### Aim of the task
The expected answer is the data below, printed verbatim without its pictures.

### Provided material
-- -- --

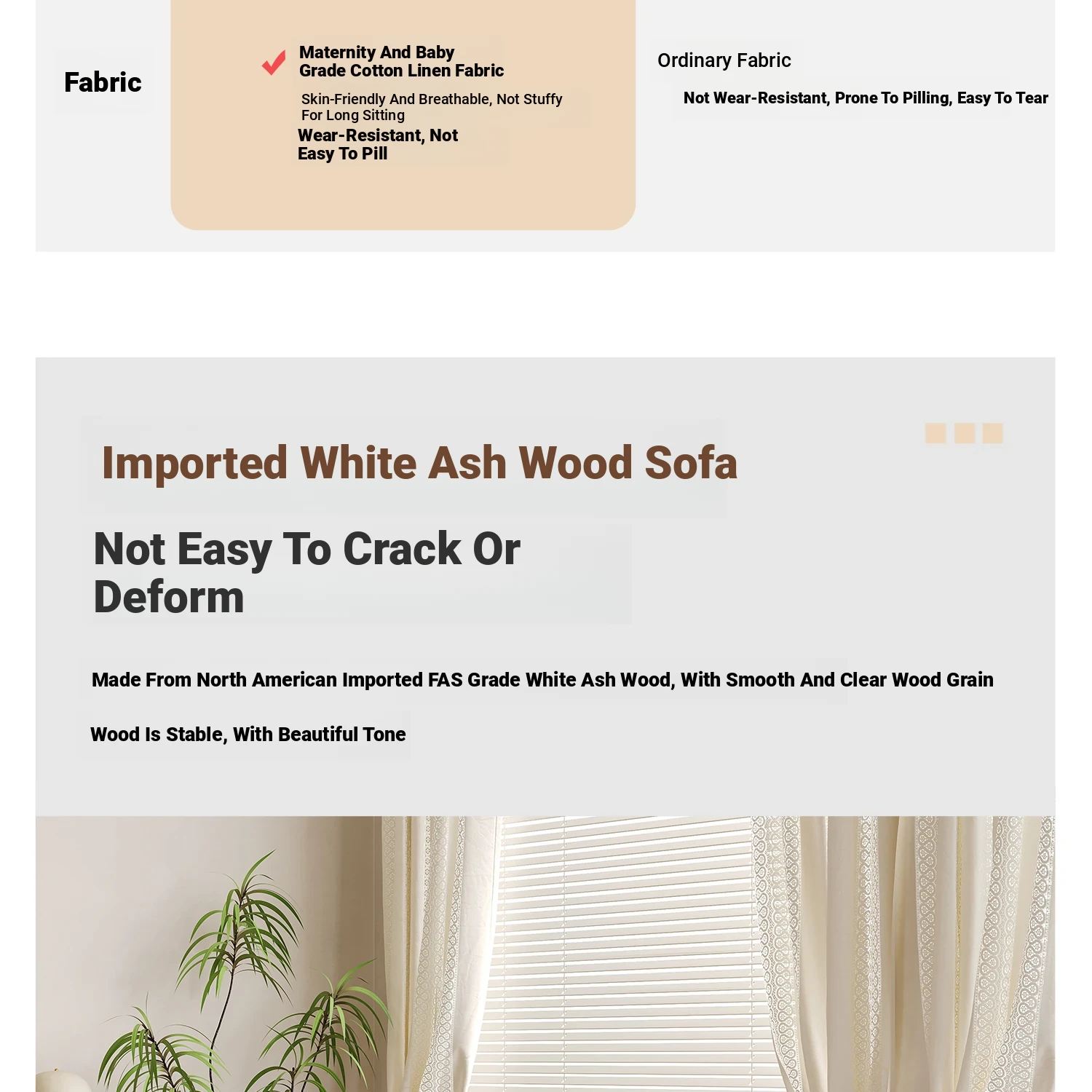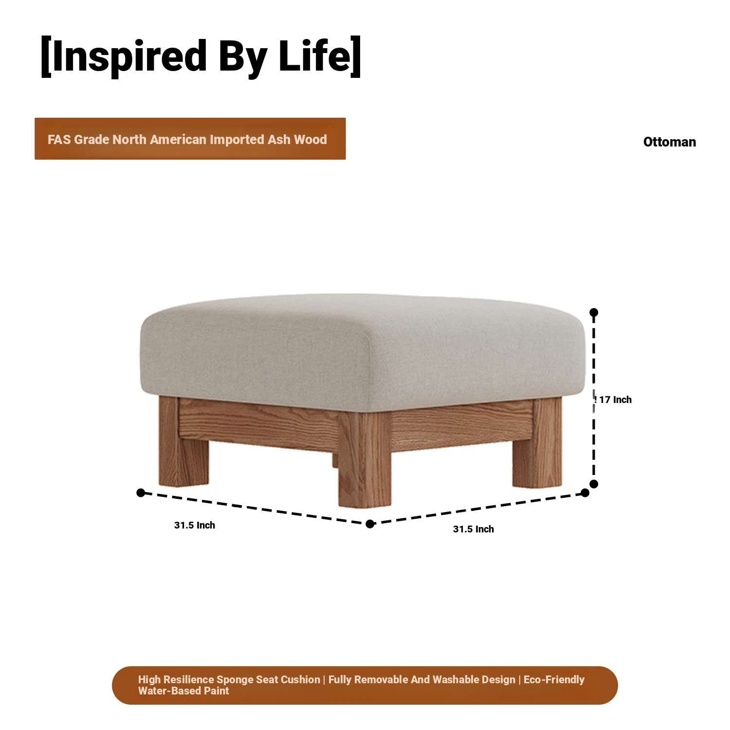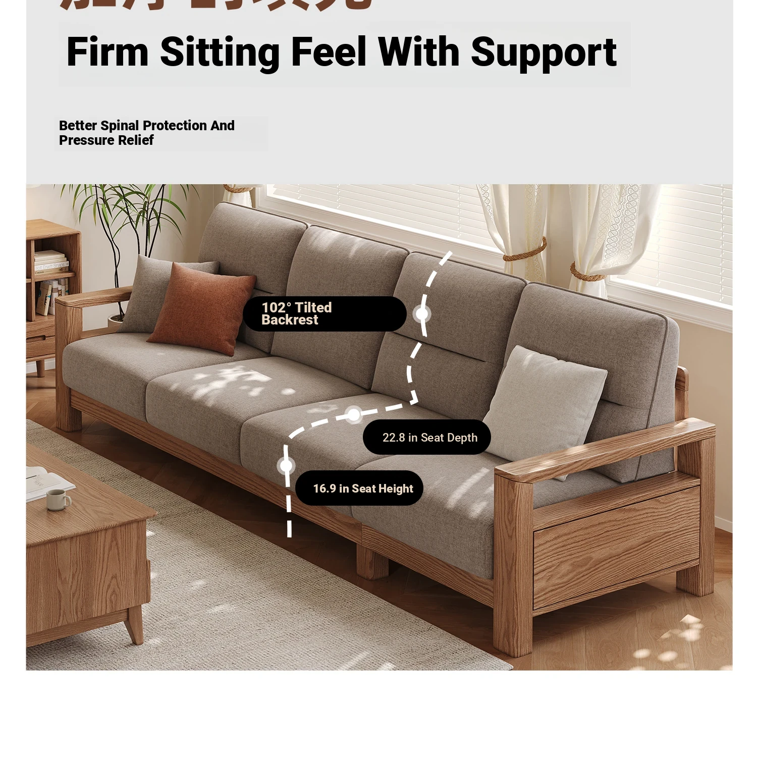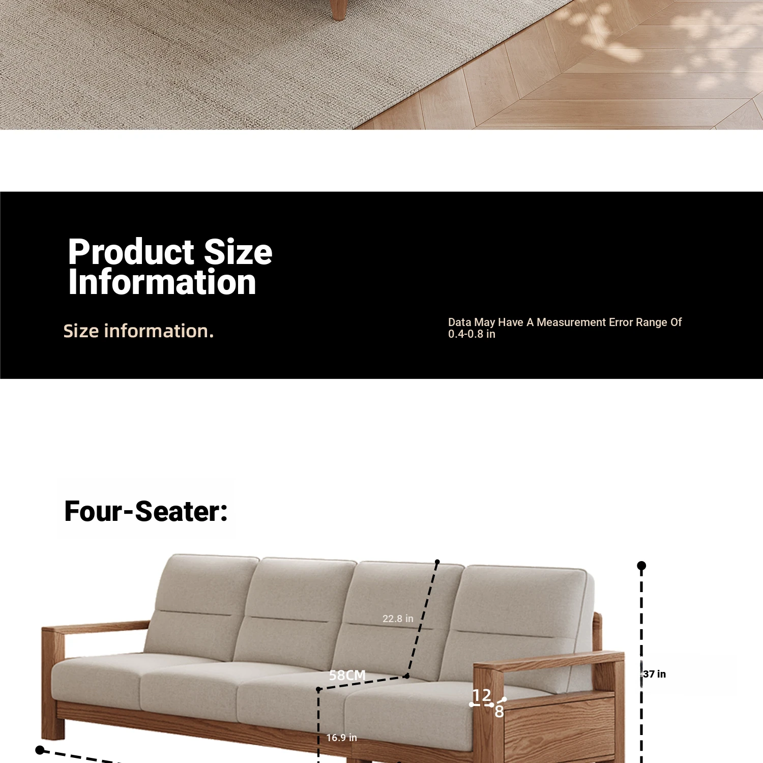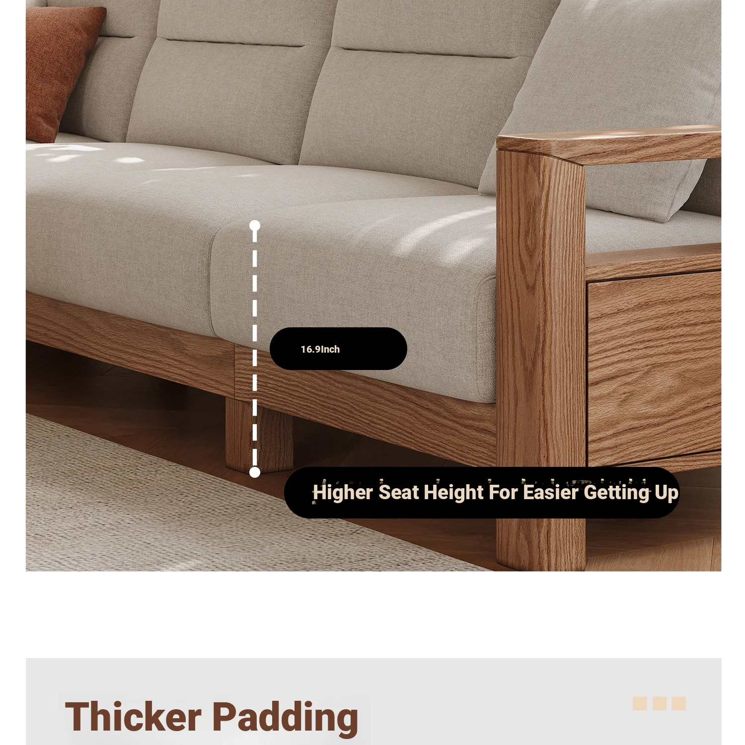 Solid Wood Sofa - New Chinese Style Ash Wood Fabric Sofa for Modern Minimalist Nordic Large Living Room - Natural Wood Furniture
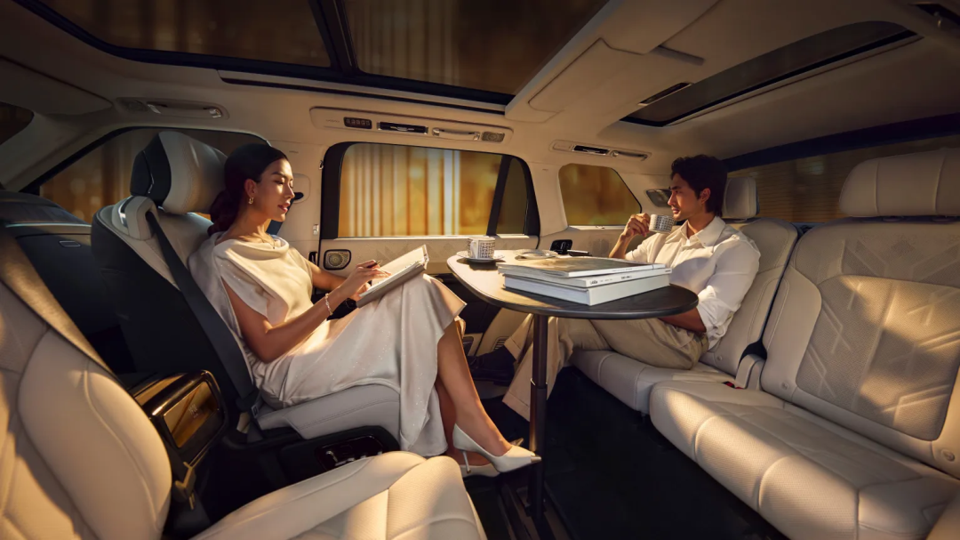 极氪9X的座椅也可以向后旋转,进而与三排行程面对面的格局,家庭聚会或者商务会客都非常适合。
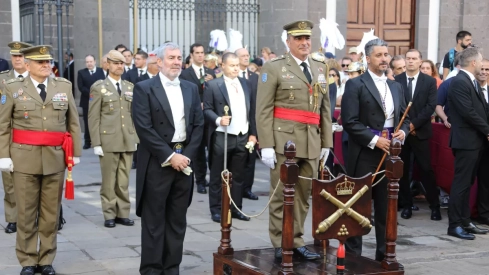 El teniente general jefe del Mando de Canarias, Julio Salom Herrera, presidió este domingo la ceremonia que dio paso a los actos en honor al Cristo de La Laguna. Estuvo acompañado por autoridades civiles y militares, entre ellas, el presidente del Gobierno de Canarias, Fernando Clavijo, y el alcalde de La Laguna, Luis Yeray Gutiérrez.

-- -- --

### Solution to this exercise
 Solid Wood Sofa - New Chinese Style Ash Wood Fabric Sofa for Modern Minimalist Nordic Large Living Room - Natural Wood Furniture
 极氪9X的座椅也可以向后旋转,进而与三排行程面对面的格局,家庭聚会或者商务会客都非常适合。
 El teniente general jefe del Mando de Canarias, Julio Salom Herrera, presidió este domingo la ceremonia que dio paso a los actos en honor al Cristo de La Laguna. Estuvo acompañado por autoridades civiles y militares, entre ellas, el presidente del Gobierno de Canarias, Fernando Clavijo, y el alcalde de La Laguna, Luis Yeray Gutiérrez.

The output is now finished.